Perhaps the greatest difference between success and failure is the amount of alignment between the operations teams and the security and systems management organizations. One of the most effective approaches was an organization that assigned one of their most experienced ICS engineers who had led all of the company’s automation engineering projects, their regulatory security program for OT assets, as well as managed some of the most critical assets as a core leader of the overall cyber security efforts.
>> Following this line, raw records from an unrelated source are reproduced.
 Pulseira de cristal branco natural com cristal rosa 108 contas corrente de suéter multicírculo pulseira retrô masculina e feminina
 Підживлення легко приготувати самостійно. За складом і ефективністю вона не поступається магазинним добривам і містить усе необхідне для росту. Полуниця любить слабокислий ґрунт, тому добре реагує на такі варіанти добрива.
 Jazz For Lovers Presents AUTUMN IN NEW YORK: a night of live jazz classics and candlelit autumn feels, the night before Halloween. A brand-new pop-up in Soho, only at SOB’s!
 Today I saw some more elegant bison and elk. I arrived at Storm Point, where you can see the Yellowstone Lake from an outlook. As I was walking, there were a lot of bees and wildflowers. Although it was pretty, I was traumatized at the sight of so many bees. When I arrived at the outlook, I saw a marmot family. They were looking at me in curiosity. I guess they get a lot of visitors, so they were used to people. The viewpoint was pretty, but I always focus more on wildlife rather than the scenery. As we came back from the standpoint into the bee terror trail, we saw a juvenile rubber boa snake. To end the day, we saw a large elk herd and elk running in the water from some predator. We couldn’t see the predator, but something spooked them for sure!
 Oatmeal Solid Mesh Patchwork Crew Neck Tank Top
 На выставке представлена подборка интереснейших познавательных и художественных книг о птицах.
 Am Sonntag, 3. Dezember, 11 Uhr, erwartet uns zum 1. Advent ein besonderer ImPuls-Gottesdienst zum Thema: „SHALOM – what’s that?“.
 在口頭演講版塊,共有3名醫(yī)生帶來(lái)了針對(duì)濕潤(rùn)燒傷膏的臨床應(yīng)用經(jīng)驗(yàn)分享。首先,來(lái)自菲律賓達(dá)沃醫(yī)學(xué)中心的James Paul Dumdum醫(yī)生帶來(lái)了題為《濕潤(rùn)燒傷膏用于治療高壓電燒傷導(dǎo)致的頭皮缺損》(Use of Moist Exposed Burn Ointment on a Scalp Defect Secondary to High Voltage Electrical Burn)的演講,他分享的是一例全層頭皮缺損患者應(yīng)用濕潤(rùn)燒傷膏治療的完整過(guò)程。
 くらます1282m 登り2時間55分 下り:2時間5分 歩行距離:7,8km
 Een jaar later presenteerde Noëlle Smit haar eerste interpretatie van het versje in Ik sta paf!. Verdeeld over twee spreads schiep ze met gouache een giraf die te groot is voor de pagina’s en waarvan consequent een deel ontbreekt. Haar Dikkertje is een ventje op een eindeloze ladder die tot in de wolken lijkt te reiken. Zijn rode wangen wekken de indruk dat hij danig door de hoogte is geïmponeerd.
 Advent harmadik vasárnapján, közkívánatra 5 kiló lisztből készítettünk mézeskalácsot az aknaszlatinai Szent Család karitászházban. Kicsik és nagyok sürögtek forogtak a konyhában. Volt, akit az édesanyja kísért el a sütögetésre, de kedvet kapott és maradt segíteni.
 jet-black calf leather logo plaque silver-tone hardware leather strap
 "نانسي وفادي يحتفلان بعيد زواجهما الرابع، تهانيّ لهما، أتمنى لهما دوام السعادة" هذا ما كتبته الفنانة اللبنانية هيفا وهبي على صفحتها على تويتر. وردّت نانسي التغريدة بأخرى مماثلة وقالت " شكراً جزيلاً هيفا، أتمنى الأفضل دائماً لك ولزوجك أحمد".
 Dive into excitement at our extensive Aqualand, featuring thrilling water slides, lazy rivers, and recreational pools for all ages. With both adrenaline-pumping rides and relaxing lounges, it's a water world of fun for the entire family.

This organization’s decision immediately brought credibility to the security team with the operational personnel as well as an implicit understanding of the challenges of OT systems management vs. the same function in IT.

Regardless if the choice is structural, such as that mentioned above, or procedural in establishing aligned OT-specific policies and procedures, or cultural in increasing collaboration between the separate teams – alignment among these IT, Security, and OT functions are critical.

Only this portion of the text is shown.